#### Problem to solve
The whole listing is to be given again without alteration, except that its pictures are dropped.

=== Provided data ===

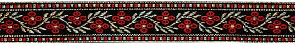 JL 109 Jacquard Metallic Silver Leaf and Grey floral on black ribbon webbing trim, 1-3/16” ( 30 mm) x 5 yards for sewing crafting home decor, wedding, party, gift wrapping, bag strap, hair bands, pillow cases, towels, curtain
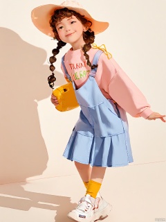 ETMT, Photo of a young girl with curly brown hair in braids, wearing a large, floppy, yellow and white hat, a cream-colored sweater with colorful, whimsical text and graphics, and a light blue, pleated skirt. She is also wearing white sneakers with yellow socks. The girl is walking confidently, smiling, with a playful and carefree expression. The background is a plain white studio setting with a minimalistic, clean aesthetic. The lighting is bright and even, emphasizing the girl's cheerful demeanor. The overall style is casual and playful.
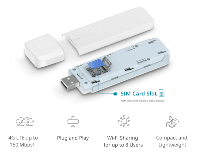 Plug and Play :Insérez simplement votre carte SIM et branchez l’adaptateur sur votre ordinateur pour vous connecter instantanément à votre Internet mobile

===

#### Output below
 JL 109 Jacquard Metallic Silver Leaf and Grey floral on black ribbon webbing trim, 1-3/16” ( 30 mm) x 5 yards for sewing crafting home decor, wedding, party, gift wrapping, bag strap, hair bands, pillow cases, towels, curtain
 ETMT, Photo of a young girl with curly brown hair in braids, wearing a large, floppy, yellow and white hat, a cream-colored sweater with colorful, whimsical text and graphics, and a light blue, pleated skirt. She is also wearing white sneakers with yellow socks. The girl is walking confidently, smiling, with a playful and carefree expression. The background is a plain white studio setting with a minimalistic, clean aesthetic. The lighting is bright and even, emphasizing the girl's cheerful demeanor. The overall style is casual and playful.
 Plug and Play :Insérez simplement votre carte SIM et branchez l’adaptateur sur votre ordinateur pour vous connecter instantanément à votre Internet mobile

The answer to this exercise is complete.